EXHIBIT 10.26
SETTLEMENT AGREEMENT
THIS AGREEMENT, entered into and effective as of the latest date indicated in
the signature block at the foot of this Agreement, is by and between Lifestream
Technologies, Inc. ("Lifestream"), a Nevada corporation with a post office
address at 000 Xxxxxxxxxx Xxxx, Xxxxx 000; Xxxx Xxxxx, Xxxxx 00000; and Polymer
Technology Systems, Inc. ("Polymer"), an Indiana corporation with a post office
address 0000 Xxxxxxxxxx Xxxx, Xxxxxxxxxxxx, Xxxxxxx 00000.
BACKGROUND
WHEREAS Polymer and Lifestream are parties to patent infringement litigation
Civil Action No.

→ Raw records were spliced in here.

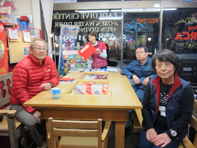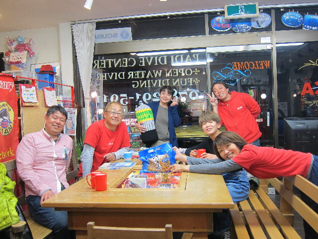 | 2017年2月13日(月) バレンタインイブ?! いよいよ明日はバレンタインデー♪ 今夜は気合を入れて手作りチョコレートを作られる方も多いのではないでしょうか? そんな季節ですが、甘いものは苦手気味なSボンがご来店です(^-^) 思い切ってアーモンドチョコがけのポテチに挑戦! これはまだ甘さが控えめなので大丈夫だったみたいです(´∀`) ![]() 一方、今日来られたKさんの娘さんは、今日はお家で色々作られていたそうです。 手作りでお渡しする皆さん、スゴイですね~(^-^) 尊敬しちゃいます! おすそ分けに娘さんの手作りチョコ ごちそうさまでした♪ ![]() そんなKさん、今年からシャチクラブにご入会いただきました~\(^O^)/ 特典を聞いて、めっちゃいいやんっ、とおっしゃっておられました! 有難うございます! なにそれ?という方は詳しくはお店まで~(^_-)-☆ ![]() そして、久米島のダイビングサービス JIC久米島の戸田さんもご来店です♪ 今年もこのエビス顔で皆様のお越しを待っていてくださるそうなので、 ぜひぜひ6月開催の久米島ツアー、ドシドシご参加くださいね(´∀`) 海も陸も最高ですからね~!! ![]() それでは、明日は定休日となりますので、また水曜日に皆様のお越しをお待ちしております! インスタグラム、もうすでにされている方も多いかと思いますが、 お店のインスタグラムのアカウントを取得しました~! 「redorca_diving」のユーザー名で登録してますので、 ぜひインスタ仲間の皆様、検索してフォローしてみてくださいね~! 宜しくお願いします!
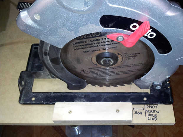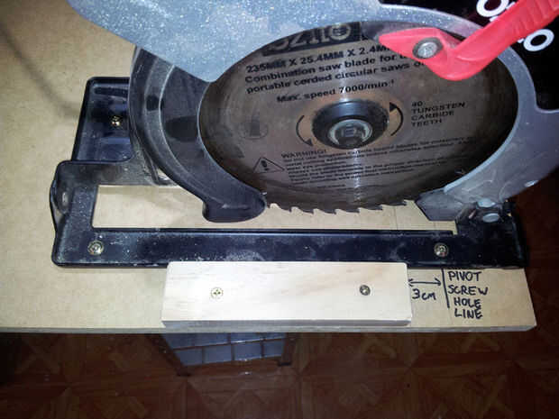 Perfore previamente cada agujero marcado, sustituir la sierra y poner tornillos en el lugar. Asegúrese de que utiliza tornillos con cabeza de fondo plano para dar mejor manteniendo contacto con la sierra circular.
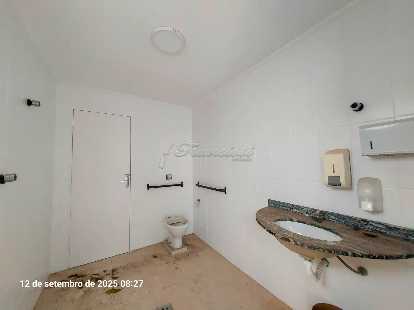 Salão comercial medindo aproximadamente 253 m² com cozinha, área de serviço, 2 banheiros, mezanino com 1 banheiro medindo aproximadamente 97 m² e área de luz. Acabamento: Piso polido e porcelanato.
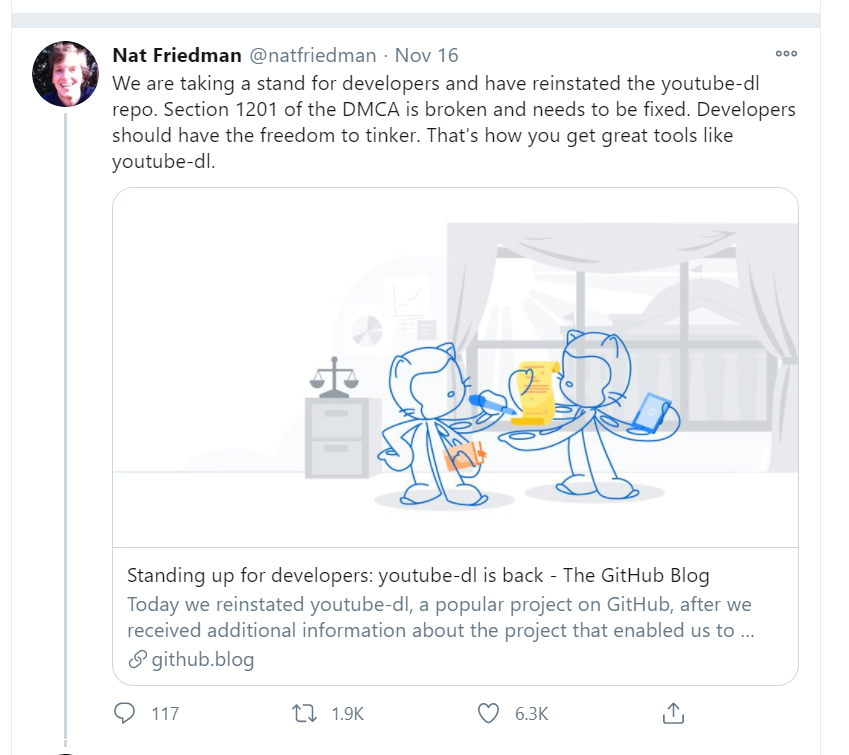 Wearetaking a stand for developers and havereinstatedthe youtube-dl repo. Section 1201 of the DMCA is brokenand needs to be fixed. Developers should have the freedom to tinker. That's how you get great tools like .
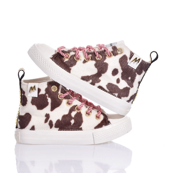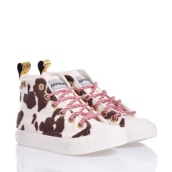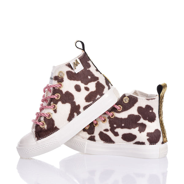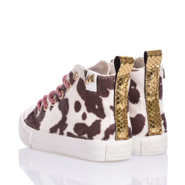 Mimanera Airlines Junior Cow è la sneaker ideale per giovani spiriti creativi che vogliono esprimere il proprio stile con grinta. Ispirata al classico modello Converse, si distingue per la tomaia in tessuto effetto cavallino con stampa mucca, dal carattere wild ma sempre cool. Il retro in ecopelle pitonata oro aggiunge un tocco brillante e di tendenza, mentre i lacci torchon rosa intrecciati con lurex danno un accento originale e luminoso.
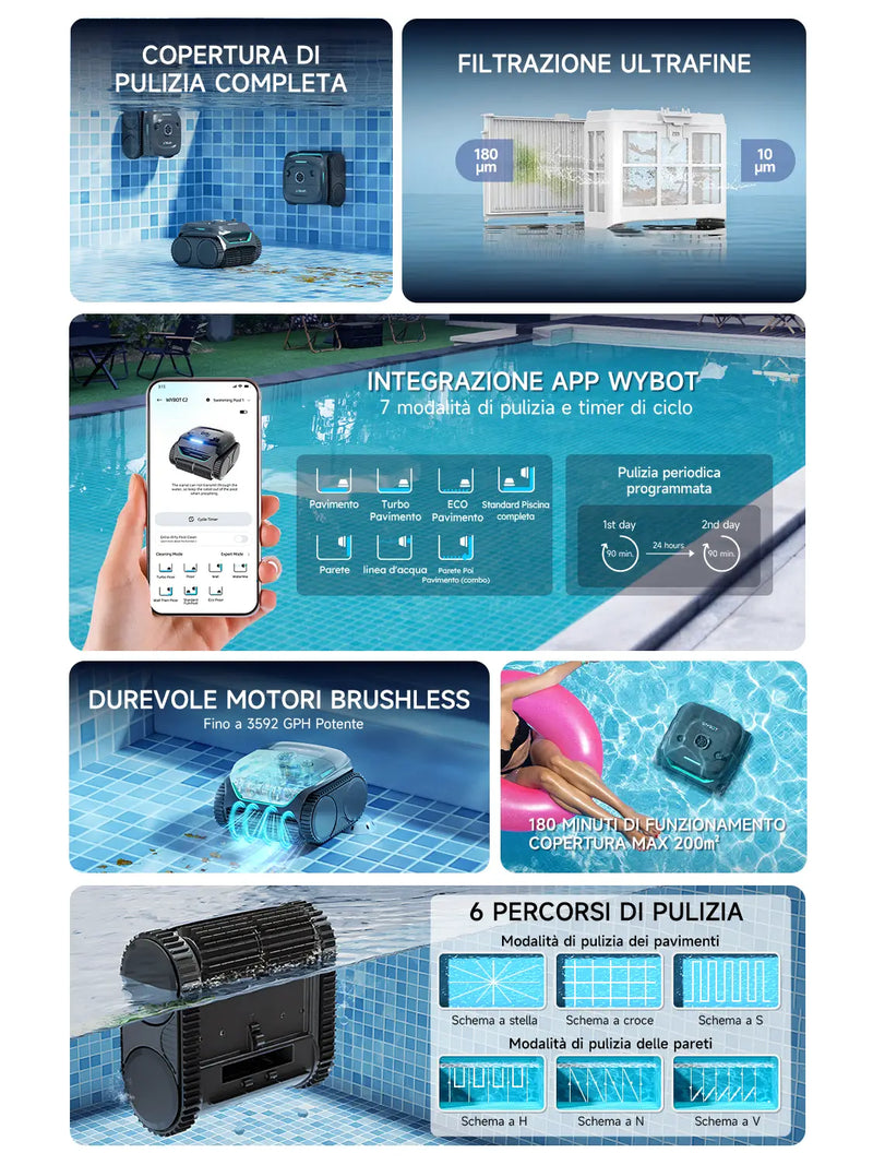 Per istruzioni dettagliate, guarda i nostri video della guida operativa: Guida Operativa WYBOT C2
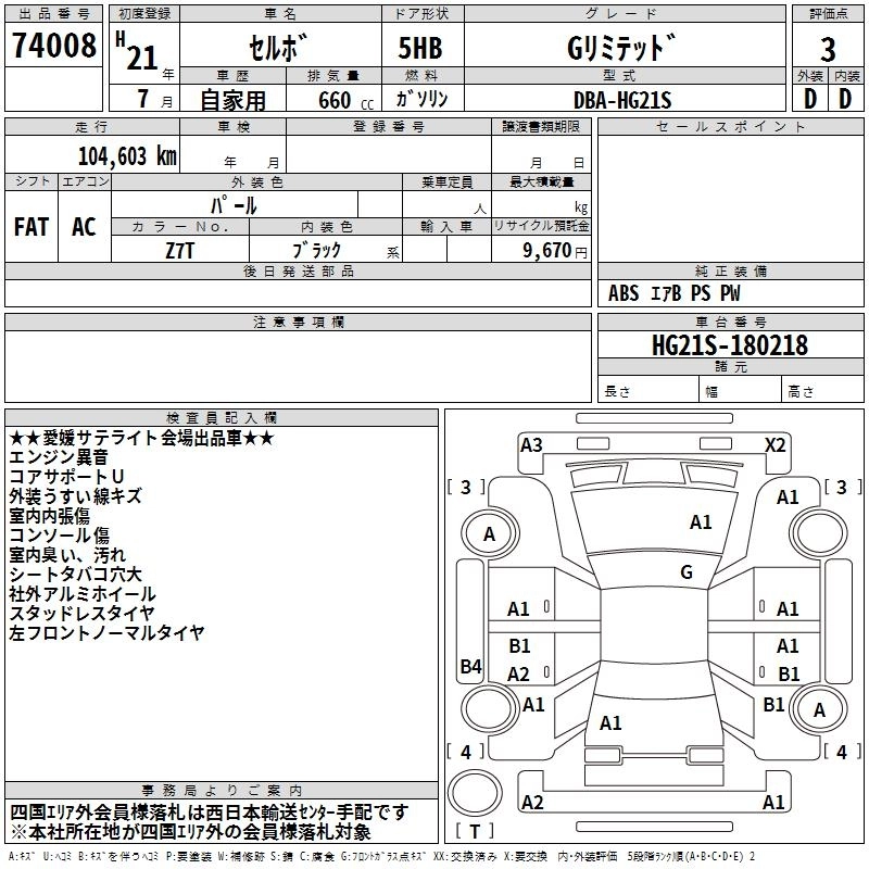 Статус выставлен на аукцион Лот 74008 Аукцион TAA Shikoku Дата аукциона 10.03.2026
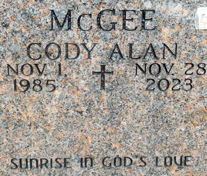 Cody Alan McGee, 38, of Bay City passed away November 28, 2023. He was born November 1, 1985 in Bridgeton, New Jersey to Gary Don McGee and Cathy Ann Nelson McGee. Cody was a very loving young man. He leaves behind a tremendous hole in the hearts of his parents, family and friends who knew him. His beloved pets, Abby, Bella and Milly, mourn his loss also. Survivors include his parents Gary and Cathy McGee; brother Les McGee and his wife Nisse; nephew Jackson McGee; uncle Eddie McGee; his uncle Whit Nelson and wife Susan; great aunt Judy Brown; great aunt Anita Lewis; special buddy Jakob Donohue and numerous cousins and other extended family members. A Celebration of his Life will be held at 2:00 PM Friday, December 8, 2023 at Nichols St. Church of Christ with Matt Springfield officiating. In lieu of flowers, please honor his memory with a donation to re:Mind Depression and Bipolar Support by visiting remindsupport.org. A forever sunrise In the presence of God's forever love. Taylor Bros. Funeral Home Photo courtesy of Faye Cunningham
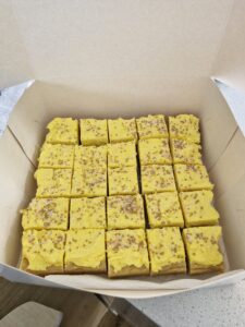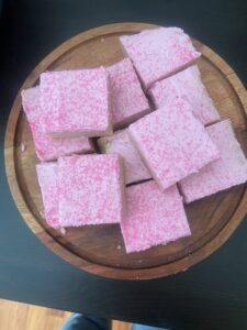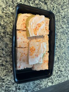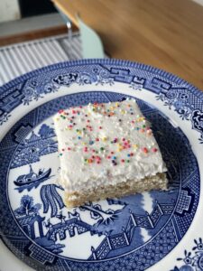 Honestly, can’t say enough good things about these bars. Not too sweet, so soft but gods their shape. I did use cream cheese buttercream instead of regular American buttercream which I also think added a nice little tang.
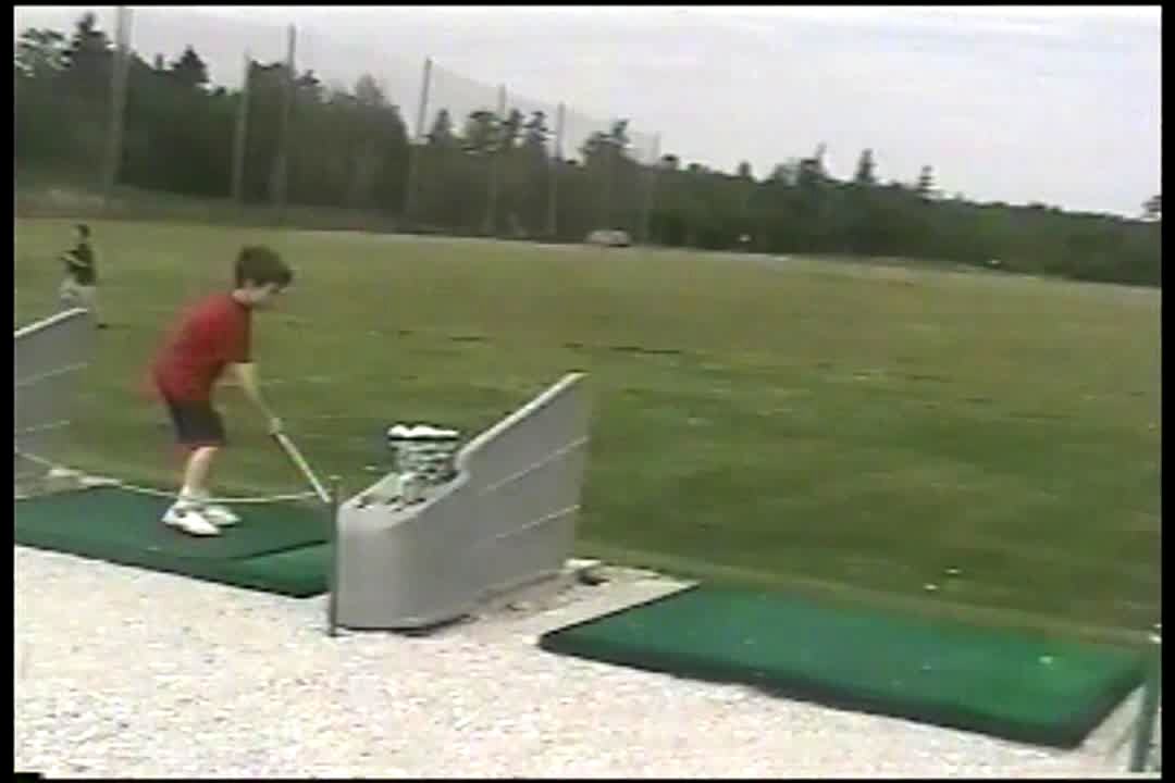 A teen boy's golf ball comes back to hit him after a swing at the golf course.
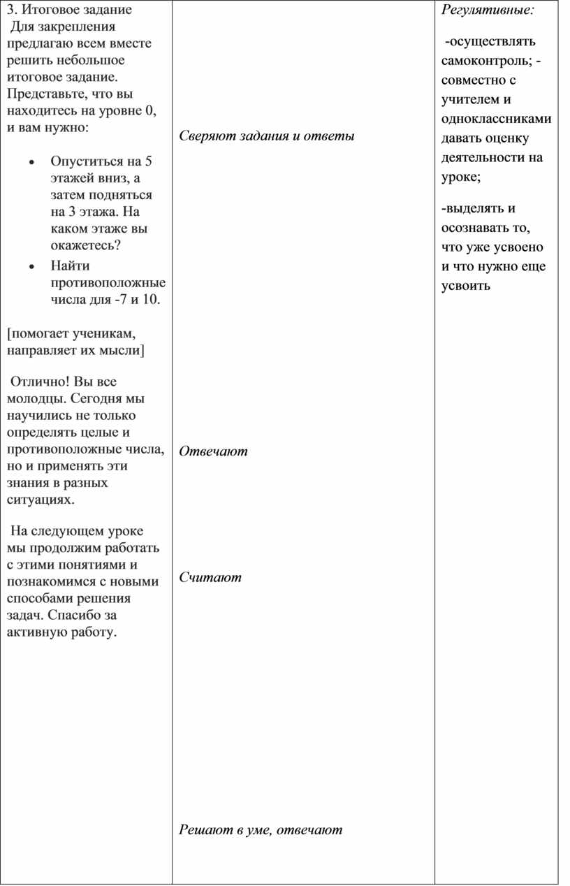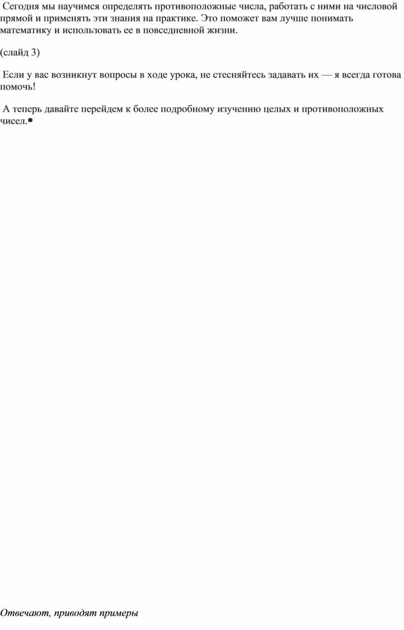 [помогает ученикам, направляет их мысли] Отлично! Вы все молодцы. Сегодня мы научились не только определять целые и противоположные числа, но и применять эти знания в разных ситуациях. На следующем уроке мы продолжим работать с этими понятиями и познакомимся с новыми способами решения задач. Спасибо за активную работу. |
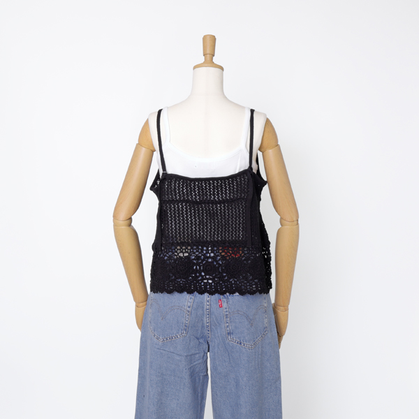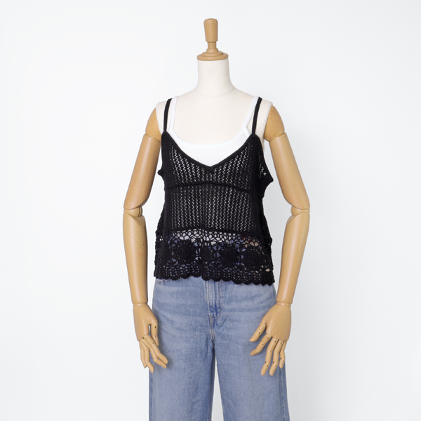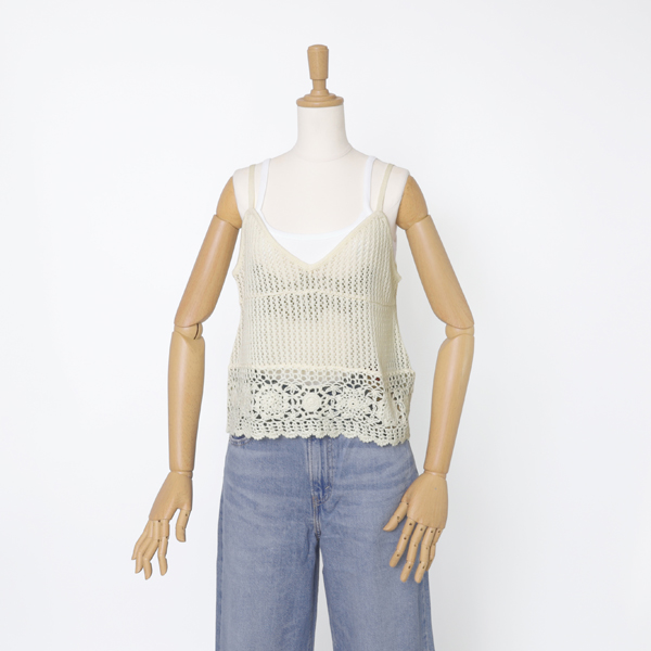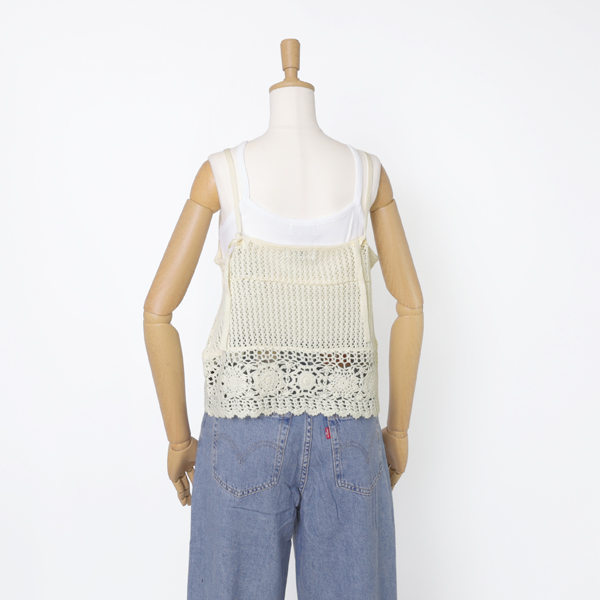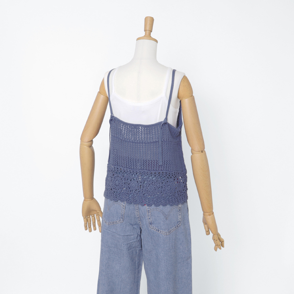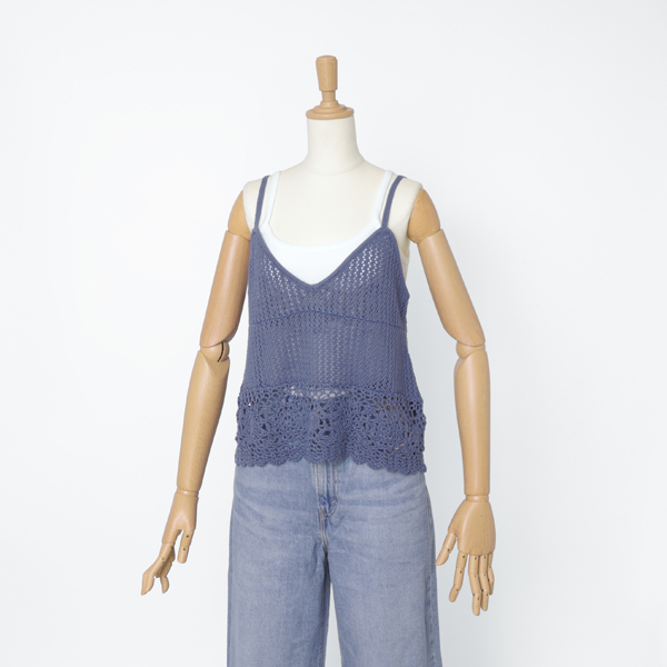 繊細なクロシェ編みのパターンは、手編みならではのふっくらとした温かみのある風合いが魅力。
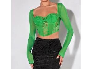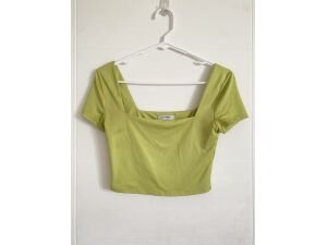 Top verde manga larga. Usado 2 veces sin ningún daño. Super combinable y el color es muy lindo. Tiene una abertura forma V en el cuello. La tela es estirable.

CIV00-0300-N-MHW presently stayed before the United States
District Court for the District of Idaho, which had entered a Judgment to which
the parties stipulated in favor of Polymer;
WHEREAS the United States Court of Appeal for the Federal Circuit in
Appeal No. 03-1630 on August 25, 2004 reversed-in-part and affirmed-in-part the
district court's claim construction, vacated the judgment of noninfringement and
remanded the case for further findings to determine whether Polymer infringes
claim 1 of United States Patent No. 5,135,716 ("716 Patent") under the correct
claim construction;
WHEREAS the stay ordered by the District Court is scheduled to expire
sixty (60) days following the entry of the Order by the Court of Appeals; and
WHEREAS, the parties are desirous of bringing the litigation to an end
under mutually agreeable terms;
NOW THEREFORE, in consideration of the performance by each of the
parties-of the terms set forth herein, the parties hereto, intending to be
legally bound, mutually agree as follows:
TERMS OF AGREEMENT
I. DISMISSAL OF LITIGATION
1.1 The parties will file a stipulation of dismissal, With Prejudice,
and with each party to bear its own costs, of all claims and counterclaims in
Civil Action No. CIV00-0300-N-MHW pursuant to Federal Rules of Civil Procedure
41 without any statement regarding whether the '716 patent is valid or
infringed, and without the entry of a Settlement Agreement or any other
commentary into the court record.
1.2 Neither party will receive any compensation from the other party
concerning activities occurring prior to this Agreement.
II. License
2.1 Lifestream hereby grants Polymer a non-exclusive, non-terminable,
non-transferable, non-sub-licensable (except to parties who manufacture products
for Polymer) License under the 716 Patent (the "License").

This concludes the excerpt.